一种脸部特征提取模型训练方法、脸部特征提取方法、装置、设备及存储介质,训练方法包括:将脸部训练数据分别输入多个原始学生网络进行模型训练;将脸部验证数据分别输入各候选学生网络;将各验证脸部特征数据分别输入预设的老师网络;对多个候选脸部特征数据进行筛选以确定脸部特征提取模型。

Description

脸部特征提取模型训练方法、脸部特征提取方法、装置、设备及存储介质
本申请要求于2019年07月05日提交中国专利局、申请号为201910606508.9、发明名称为“脸部特征提取模型训练方法、脸部特征提取方法、装置、设备及存储介质”的中国专利申请的优先权,其全部内容通过引用结合在本申请中。
技术领域
本申请涉及生物识别领域,尤其涉及一种脸部特征提取模型训练方法、脸部特征提取方法、装置、设备及存储介质。
背景技术
近年来,以人脸为代表的生物特征检测识别广泛应用于身份辨认、智慧教育等诸多领域。人脸识别技术,是指通过特征提取模型提取人脸特征,通过该人脸特征进行身份辨认或目标检测。现有的特征提取模型在对人体脸部进行特征提取时,提取准确率不高,难以满足实际应用场景的使用需求。
发明内容
本申请提供了一种脸部特征提取模型训练方法、脸部特征提取方法、装置、设备及存储介质,提高了脸部特征提取模型的特征提取准确率,为人体面部动作识别提供了重要参考。

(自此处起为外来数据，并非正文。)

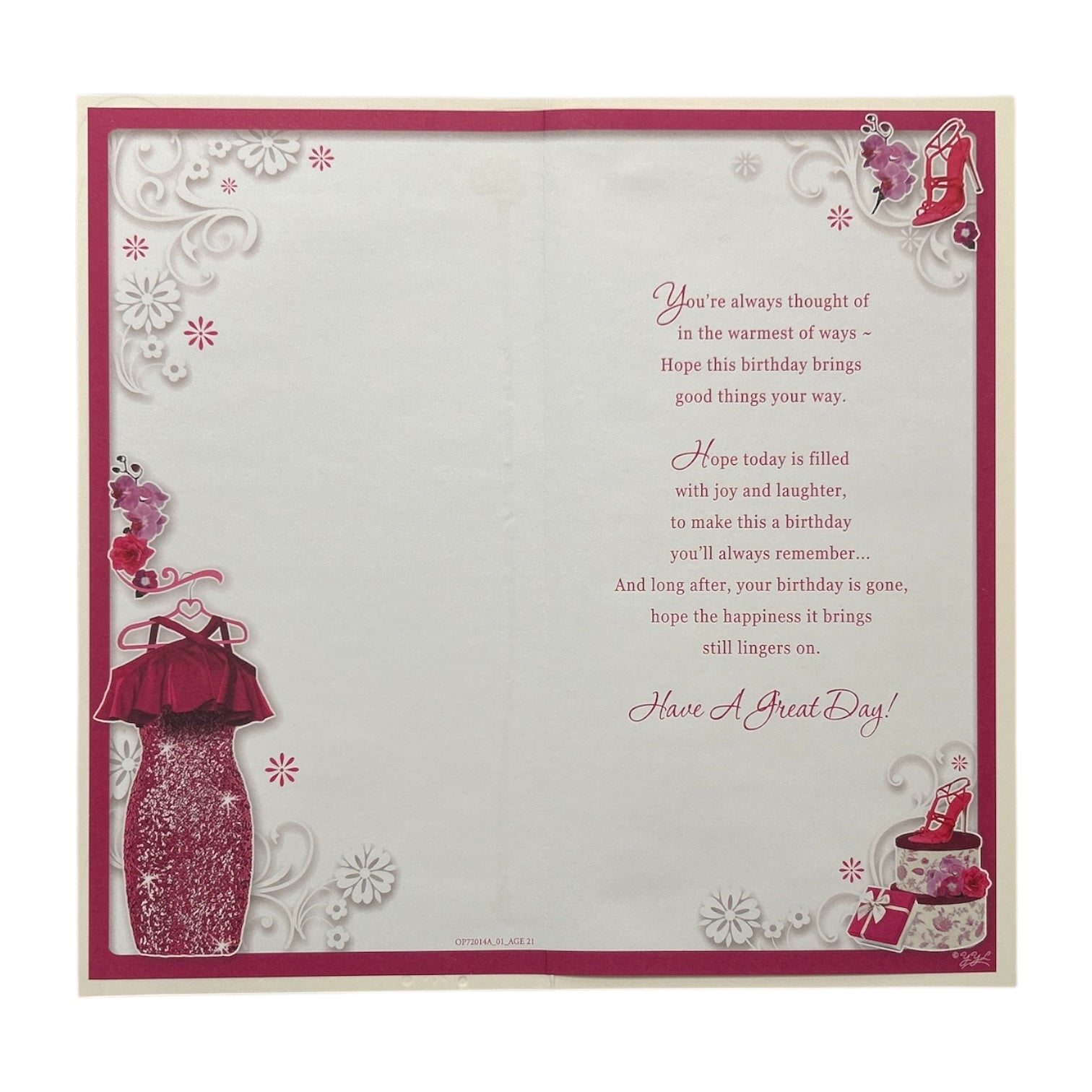 Celebrate a milestone 21st birthday with this elegant and beautifully designed card. The front features a stylish pink dress paired with matching pink sandals, enhanced with delicate embossed details for a sophisticated touch. Shimmering foil accents add a touch of glamour, making the design truly stand out. A lovely verse graces the front, while the inside continues with the same elegant design and heartfelt birthday wishes. The card comes with a coordinating envelope. Approximate size: 9" x 4.75" (23 cm x 12 cm).

第一方面,本申请提供了一种脸部特征提取模型训练方法,所述方法包括:
将脸部训练数据分别输入多个原始学生网络进行模型训练,以得到各所述原始学生网络对应的候选学生网络;
将脸部验证数据分别输入各所述候选学生网络,以输出各所述候选学生网络对应的验证脸部特征数据;
将各所述验证脸部特征数据分别输入预设的老师网络,以输出各所述验证脸部特征数据对应的候选脸部特征数据;
基于预设特征筛选规则,对多个所述候选脸部特征数据进行筛选,以得到目标样本特征,将所述目标样本特征对应的候选学生网络确定为脸部特征提取模型。
第二方面,本申请还提供一种脸部特征提取方法,包括:
获取目标图像;
对所述目标图像进行图像处理,以得到目标处理图像;
将所述目标处理图像输入脸部特征提取模型,以输出目标脸部特征;其中,所述脸部特征提取模型采用上述脸部特征提取模型训练方法训练得到模型。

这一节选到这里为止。